Center for Computational Neuroscience, Flatiron Institute, New York, NY 10010, U.S.A.
Center for Computational Neuroscience, Flatiron Institute, New York, NY 10010, U.S.A., and Department of Physics and Astronomy, Rutgers University, Piscataway, NJ 08854 U.S.A.
Neural Comput. 2021 Aug 19;33(9):2309-2352. doi: 10.1162/neco_a_01414.
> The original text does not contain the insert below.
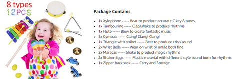 - Complete Musical Instruments for a Small Band - This kids musical instruments set provides drum, maracas, xylophone, Kazoo, Jingle stick, children could circle around and compose Jazz anytime. Specially the Kazoo, it is the most interesting and creative toy and instruments. Note to make sound like hum a tune, which will bring the vibration of the film inside. Search "Tsuko G" on youtube to learn how.

Cortical pyramidal neurons receive inputs from multiple distinct neural populations and integrate these inputs in separate dendritic compartments. We explore the possibility that cortical microcircuits implement canonical correlation analysis (CCA), an unsupervised learning method that projects the inputs onto a common subspace so as to maximize the correlations between the projections. To this end, we seek a multichannel CCA algorithm that can be implemented in a biologically plausible neural network. For biological plausibility, we require that the network operates in the online setting and its synaptic update rules are local. Starting from a novel CCA objective function, we derive an online optimization algorithm whose optimization steps can be implemented in a single-layer neural network with multicompartmental neurons and local non-Hebbian learning rules. We also derive an extension of our online CCA algorithm with adaptive output rank and output whitening. Interestingly, the extension maps onto a neural network whose neural architecture and synaptic updates resemble neural circuitry and non-Hebbian plasticity observed in the cortex.
皮质锥体细胞接收来自多个不同神经群的输入,并在不同的树突隔室中整合这些输入。我们探索了皮质微电路实现典型相关分析(CCA)的可能性,CCA 是一种无监督学习方法,将输入投影到公共子空间,以最大化投影之间的相关性。为此,我们寻求一种可以在生物上合理的神经网络中实现的多通道 CCA 算法。为了具有生物合理性,我们要求网络在在线设置中运行,其突触更新规则是局部的。从一个新颖的 CCA 目标函数出发,我们推导出一个在线优化算法,其优化步骤可以在具有多隔室神经元和局部非赫布学习规则的单层神经网络中实现。我们还推导出我们的在线 CCA 算法的扩展,具有自适应输出秩和输出白化。有趣的是,扩展映射到一个神经网络,其神经结构和突触更新类似于在皮质中观察到的神经电路和非赫布可塑性。